EXERCISE GOAL:
Each line of the entries that mentions the string "accessories" needs to be reported.

RECORDS TO USE:
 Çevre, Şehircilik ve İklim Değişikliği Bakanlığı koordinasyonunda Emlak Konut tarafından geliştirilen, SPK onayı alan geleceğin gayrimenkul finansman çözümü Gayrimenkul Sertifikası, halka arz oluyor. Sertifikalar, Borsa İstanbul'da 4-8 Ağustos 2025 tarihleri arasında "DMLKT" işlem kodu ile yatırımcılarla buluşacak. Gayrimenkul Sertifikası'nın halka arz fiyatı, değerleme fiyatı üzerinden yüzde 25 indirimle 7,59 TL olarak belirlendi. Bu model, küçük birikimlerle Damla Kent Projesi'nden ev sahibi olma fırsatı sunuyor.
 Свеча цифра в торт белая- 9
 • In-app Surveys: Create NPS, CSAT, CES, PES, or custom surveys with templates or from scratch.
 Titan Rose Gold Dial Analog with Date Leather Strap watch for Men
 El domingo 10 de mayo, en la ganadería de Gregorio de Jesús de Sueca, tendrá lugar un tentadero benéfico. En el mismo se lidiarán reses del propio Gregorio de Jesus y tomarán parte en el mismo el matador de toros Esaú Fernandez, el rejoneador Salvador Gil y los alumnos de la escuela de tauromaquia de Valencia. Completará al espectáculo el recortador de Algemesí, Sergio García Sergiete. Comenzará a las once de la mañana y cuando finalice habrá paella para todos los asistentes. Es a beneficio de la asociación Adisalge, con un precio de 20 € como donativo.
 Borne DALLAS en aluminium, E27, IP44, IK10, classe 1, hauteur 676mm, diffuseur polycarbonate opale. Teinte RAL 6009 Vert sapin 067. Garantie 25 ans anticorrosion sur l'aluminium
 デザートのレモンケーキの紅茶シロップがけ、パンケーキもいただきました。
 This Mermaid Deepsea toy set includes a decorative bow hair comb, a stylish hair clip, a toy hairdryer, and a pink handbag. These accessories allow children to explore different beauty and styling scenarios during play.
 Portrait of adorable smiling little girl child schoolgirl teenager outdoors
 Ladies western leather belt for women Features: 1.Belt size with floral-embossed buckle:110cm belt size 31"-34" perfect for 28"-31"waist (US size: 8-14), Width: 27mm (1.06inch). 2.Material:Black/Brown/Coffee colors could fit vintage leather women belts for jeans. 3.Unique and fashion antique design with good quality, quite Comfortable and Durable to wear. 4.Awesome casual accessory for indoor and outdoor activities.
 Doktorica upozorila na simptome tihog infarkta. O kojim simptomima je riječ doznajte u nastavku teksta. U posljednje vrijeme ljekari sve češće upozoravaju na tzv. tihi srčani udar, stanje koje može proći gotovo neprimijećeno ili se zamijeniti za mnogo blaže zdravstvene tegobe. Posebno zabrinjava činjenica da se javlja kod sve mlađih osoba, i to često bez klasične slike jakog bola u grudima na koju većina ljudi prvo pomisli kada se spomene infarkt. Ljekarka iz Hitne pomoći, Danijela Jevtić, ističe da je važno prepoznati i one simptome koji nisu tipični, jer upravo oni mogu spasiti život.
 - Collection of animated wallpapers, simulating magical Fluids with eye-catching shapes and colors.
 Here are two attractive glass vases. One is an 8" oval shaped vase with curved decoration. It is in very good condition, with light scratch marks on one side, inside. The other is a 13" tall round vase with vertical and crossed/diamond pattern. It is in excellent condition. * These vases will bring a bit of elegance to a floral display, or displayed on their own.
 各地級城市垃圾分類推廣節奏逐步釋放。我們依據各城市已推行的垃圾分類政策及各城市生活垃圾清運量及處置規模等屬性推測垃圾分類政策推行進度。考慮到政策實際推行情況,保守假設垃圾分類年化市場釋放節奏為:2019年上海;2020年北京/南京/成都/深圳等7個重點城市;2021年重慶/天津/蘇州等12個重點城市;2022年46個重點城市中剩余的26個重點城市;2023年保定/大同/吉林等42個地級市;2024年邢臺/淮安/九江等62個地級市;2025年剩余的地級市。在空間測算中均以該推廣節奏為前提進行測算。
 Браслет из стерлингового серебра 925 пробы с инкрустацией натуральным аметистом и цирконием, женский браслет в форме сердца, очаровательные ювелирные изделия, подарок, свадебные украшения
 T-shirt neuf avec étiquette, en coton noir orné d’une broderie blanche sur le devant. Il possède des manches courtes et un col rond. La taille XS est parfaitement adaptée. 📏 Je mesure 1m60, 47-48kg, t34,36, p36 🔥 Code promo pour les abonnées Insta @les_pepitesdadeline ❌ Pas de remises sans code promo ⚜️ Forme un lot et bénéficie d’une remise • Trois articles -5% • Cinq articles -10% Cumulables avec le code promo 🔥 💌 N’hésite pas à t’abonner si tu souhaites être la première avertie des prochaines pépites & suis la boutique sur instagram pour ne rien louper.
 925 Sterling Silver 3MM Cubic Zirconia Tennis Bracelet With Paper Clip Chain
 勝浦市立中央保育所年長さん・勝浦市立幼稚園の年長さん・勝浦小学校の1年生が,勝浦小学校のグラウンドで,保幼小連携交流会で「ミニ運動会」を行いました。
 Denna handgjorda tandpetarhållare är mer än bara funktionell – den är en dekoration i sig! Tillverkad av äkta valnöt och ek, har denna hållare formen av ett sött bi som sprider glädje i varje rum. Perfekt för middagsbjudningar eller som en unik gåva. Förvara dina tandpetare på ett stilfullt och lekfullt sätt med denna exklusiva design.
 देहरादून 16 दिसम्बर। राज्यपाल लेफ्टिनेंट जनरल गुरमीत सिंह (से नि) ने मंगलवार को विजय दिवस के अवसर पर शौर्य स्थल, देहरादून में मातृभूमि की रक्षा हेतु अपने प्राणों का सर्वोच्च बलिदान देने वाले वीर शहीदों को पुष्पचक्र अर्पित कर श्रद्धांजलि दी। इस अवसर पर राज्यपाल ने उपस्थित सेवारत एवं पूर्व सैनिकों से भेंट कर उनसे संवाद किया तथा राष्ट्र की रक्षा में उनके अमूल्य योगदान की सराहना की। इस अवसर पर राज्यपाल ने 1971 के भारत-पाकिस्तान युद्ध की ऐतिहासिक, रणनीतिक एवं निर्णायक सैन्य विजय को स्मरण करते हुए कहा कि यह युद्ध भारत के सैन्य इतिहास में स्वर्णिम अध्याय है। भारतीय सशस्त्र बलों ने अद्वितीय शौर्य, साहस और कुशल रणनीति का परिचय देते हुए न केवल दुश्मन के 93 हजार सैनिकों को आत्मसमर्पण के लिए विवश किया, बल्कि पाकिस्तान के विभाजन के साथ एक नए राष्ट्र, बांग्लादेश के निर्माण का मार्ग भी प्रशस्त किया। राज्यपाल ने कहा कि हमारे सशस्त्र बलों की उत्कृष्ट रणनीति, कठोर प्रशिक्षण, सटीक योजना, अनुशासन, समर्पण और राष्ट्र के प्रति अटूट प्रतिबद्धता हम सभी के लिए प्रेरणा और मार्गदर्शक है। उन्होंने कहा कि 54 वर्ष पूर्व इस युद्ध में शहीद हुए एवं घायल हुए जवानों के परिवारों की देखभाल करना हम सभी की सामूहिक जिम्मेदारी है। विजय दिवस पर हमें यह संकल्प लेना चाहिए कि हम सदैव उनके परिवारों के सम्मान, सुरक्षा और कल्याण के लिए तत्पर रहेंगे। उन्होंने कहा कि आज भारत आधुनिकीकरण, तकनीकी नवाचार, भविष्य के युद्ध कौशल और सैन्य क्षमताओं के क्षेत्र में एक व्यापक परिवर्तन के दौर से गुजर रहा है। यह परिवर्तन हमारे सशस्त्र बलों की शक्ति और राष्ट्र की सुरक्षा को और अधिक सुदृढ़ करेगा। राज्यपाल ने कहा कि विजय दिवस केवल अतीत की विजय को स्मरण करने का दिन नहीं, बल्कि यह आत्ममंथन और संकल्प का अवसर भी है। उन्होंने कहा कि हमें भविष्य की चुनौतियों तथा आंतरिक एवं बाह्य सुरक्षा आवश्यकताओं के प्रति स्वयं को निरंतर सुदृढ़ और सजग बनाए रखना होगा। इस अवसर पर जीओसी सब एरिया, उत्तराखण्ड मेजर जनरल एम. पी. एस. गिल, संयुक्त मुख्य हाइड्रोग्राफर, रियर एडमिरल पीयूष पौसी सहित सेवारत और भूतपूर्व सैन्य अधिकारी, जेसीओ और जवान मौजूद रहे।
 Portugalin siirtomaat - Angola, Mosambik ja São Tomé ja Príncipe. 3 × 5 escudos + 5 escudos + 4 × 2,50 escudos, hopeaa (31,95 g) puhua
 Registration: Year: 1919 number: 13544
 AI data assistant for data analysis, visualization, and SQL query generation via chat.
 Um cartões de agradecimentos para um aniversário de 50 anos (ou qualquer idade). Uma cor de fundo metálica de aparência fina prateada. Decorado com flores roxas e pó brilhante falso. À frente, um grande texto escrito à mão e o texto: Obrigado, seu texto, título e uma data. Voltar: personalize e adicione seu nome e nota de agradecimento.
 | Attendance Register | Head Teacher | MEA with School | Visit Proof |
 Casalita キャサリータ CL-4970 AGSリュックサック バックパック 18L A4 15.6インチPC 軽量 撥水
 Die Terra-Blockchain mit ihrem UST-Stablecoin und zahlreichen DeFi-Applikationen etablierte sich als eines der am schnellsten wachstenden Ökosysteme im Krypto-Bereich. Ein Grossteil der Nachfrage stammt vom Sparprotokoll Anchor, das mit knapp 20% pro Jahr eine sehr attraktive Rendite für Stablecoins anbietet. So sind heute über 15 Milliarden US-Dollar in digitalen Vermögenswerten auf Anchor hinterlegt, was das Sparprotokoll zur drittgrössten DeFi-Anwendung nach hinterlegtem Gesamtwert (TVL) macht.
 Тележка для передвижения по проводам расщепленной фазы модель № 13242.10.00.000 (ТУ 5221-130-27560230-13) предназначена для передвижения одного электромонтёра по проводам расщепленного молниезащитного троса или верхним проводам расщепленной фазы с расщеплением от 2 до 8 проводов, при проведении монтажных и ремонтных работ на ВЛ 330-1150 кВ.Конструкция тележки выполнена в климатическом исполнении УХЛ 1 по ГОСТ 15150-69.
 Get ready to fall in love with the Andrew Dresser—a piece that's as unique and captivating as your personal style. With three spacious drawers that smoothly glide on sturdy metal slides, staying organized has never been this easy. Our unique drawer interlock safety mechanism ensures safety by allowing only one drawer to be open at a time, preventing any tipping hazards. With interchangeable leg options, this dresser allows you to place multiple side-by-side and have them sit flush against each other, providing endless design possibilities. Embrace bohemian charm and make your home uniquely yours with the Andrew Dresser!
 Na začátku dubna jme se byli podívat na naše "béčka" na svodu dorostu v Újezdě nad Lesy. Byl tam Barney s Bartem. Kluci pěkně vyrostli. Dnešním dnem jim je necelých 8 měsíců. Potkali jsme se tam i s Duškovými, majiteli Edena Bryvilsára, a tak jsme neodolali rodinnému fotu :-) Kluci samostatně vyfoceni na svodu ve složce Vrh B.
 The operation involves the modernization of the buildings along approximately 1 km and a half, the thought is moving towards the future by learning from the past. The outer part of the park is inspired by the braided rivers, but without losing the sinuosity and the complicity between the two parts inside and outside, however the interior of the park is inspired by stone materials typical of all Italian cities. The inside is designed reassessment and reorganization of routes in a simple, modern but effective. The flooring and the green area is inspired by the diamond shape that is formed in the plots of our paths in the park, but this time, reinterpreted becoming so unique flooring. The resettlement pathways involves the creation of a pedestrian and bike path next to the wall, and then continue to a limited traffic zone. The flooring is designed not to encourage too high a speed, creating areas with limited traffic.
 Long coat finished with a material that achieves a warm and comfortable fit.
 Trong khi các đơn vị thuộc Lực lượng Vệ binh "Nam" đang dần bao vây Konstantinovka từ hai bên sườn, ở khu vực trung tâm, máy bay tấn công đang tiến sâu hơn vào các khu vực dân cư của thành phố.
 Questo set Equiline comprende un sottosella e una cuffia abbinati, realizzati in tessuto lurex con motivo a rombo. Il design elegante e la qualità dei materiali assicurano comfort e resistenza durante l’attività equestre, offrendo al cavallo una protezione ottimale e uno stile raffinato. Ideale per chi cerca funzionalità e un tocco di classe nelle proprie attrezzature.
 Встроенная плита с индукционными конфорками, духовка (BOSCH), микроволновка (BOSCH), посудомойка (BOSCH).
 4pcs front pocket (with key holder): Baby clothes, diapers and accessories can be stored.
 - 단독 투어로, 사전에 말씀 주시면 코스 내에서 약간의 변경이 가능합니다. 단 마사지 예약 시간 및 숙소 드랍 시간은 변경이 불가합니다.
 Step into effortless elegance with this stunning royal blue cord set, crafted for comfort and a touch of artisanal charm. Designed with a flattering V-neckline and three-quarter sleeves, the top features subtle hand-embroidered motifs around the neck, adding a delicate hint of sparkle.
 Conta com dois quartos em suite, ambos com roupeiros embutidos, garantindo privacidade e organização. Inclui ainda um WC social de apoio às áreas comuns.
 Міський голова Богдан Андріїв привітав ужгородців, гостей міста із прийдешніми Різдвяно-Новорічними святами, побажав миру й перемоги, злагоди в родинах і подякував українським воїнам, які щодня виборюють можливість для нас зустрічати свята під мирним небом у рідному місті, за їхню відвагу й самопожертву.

RESPONSE AREA:
 This Mermaid Deepsea toy set includes a decorative bow hair comb, a stylish hair clip, a toy hairdryer, and a pink handbag. These accessories allow children to explore different beauty and styling scenarios during play.
 4pcs front pocket (with key holder): Baby clothes, diapers and accessories can be stored.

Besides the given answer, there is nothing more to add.